このロボコップ,「公益に奉仕する」「弱い者を守る」「法を守る」というロボット三原則というルールに縛られています。
(ただしSF作家アイザック・アシモフによるもともとのロボット三原則は「人間への安全性」「命令への服従」「自己防衛」という3つです)

ロボット三原則を扱う多くのSF作品と同じように,このルールへの絶対的な服従と現実との葛藤が,このシリーズのひとつのポイントになります。
ロボコップがこのルールに縛られることで,観ている側には「もう少し臨機応変にすればいいのに!」という気持ちも生まれてきます。

それに対して,もう1つ取り上げたいのは,ロバート・ダウニーJrが演じるアイアンマンです。

アイアンマンは天才科学者トニー・スタークが作り出した戦闘スーツを自身が装着した状態のことです。同じような鉄製のヒーローでありながら,このアイアンマンことトニー・スタークは,約束を守らなかったりルールを無視したり,ずいぶんルーズな印象を与える性格をしています。

もっともロバート・ダウニーJrが演じると,大会社社長で天才科学者のトニー・スタークでも,シャーロック・ホームズでさえも,ちょっとルール無視かつゆるーい感じになる印象があります。

この2つのキャラクターを分けるような性格特性が勤勉性Conscientiousness)です(この英単語,字数が多いですよね…)。
これは誠実性と呼ばれることもありますし,英単語の頭文字Cで表されることもあります。

1990年代まで,パーソナリティの研究者で勤勉性を研究しようとする人はほとんどいなかったそうです。『成功する子 失敗する子』という本の中で,アメリカのパーソナリティ心理学者ロバーツの話が出てきます(彼は日本にも来たことがあります)。ずっと誠実性はパーソナリティ特性の中でも「厄介者」だと思われていました。勤勉性という特性は保守的で,宗教色が強く,自由な社会に反するようなイメージで捉えられていたということです。

ところが現在,勤勉性の重要性に世界中の研究者が注目しています。
勤勉性はビッグ・ファイブ・パーソナリティの特性のひとつとして重要な性格特性であり,学業成績社会的な成功寿命など社会にとって欠かせない結果をもたらすことが明らかにされてきたからです。

目次

・誠実性の内容
・無理をしている?
・自己コントロール
・長生きする?
・成功する?
・つまらない
・欠点は
・評価の変遷

誠実性の内容

勤勉性(誠実性)の特徴のひとつは,計画にこだわることです。数ヶ月や数年かかる長期的な計画である場合もありますし,今日のうちにこなすべき短期的な計画の場合もあります。勤勉性の高い人は計画を立てるのが好きで,かつその計画を注意深く実行していくことに心地よさを感じます。
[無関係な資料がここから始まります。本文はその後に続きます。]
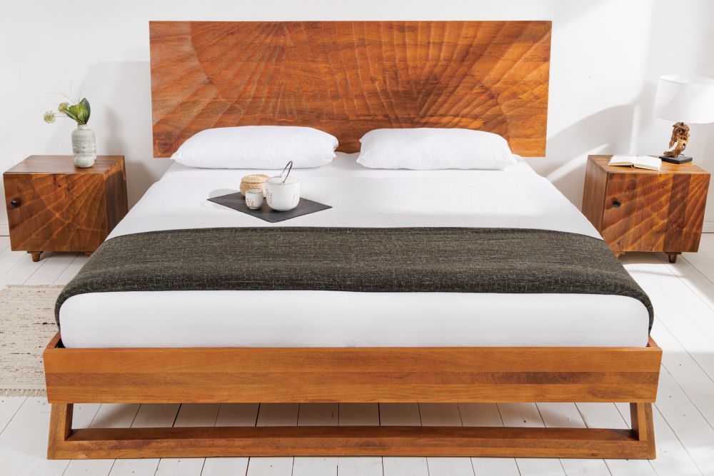 Ovaj krevet također sadrži srednju gredu, omogućujući umetanje dvije podnice, što doprinosi stabilnosti konstrukcije. Isporuka dolazi bez podnice i madraca, ali njegova upečatljiva ručno izrađena rezbarija na uzglavlju i prirodna elegancija čine ga središnjim komadom svake spavaće sobe.

また,勤勉性の高い人は,ものごとをうまくやり遂げられるだろうという見通しをもち,ものごとを整理整頓してすっきりと考えることが好きです。また,義務感が強く真面目で,目標を達成しようとする強い意欲や動機づけももっています。また,単に無計画に突き進むのではなく,よく考えてものごとを進めようとするのも勤勉性の特徴です。

勤勉性の低い人は,これらの特徴の逆方向になります。つまり,あまり計画を立てずにいきあたりばったりで,目標をやり遂げるかどうかの見通しも曖昧であり,しなければいけないことの達成にもあまり動機づけられることがなく「まあなんとかなるさ」と考えるような傾向をもっているということです。

この勤勉性は,まさにいわゆるまじめさを表現した性格特性だということがわかると思います。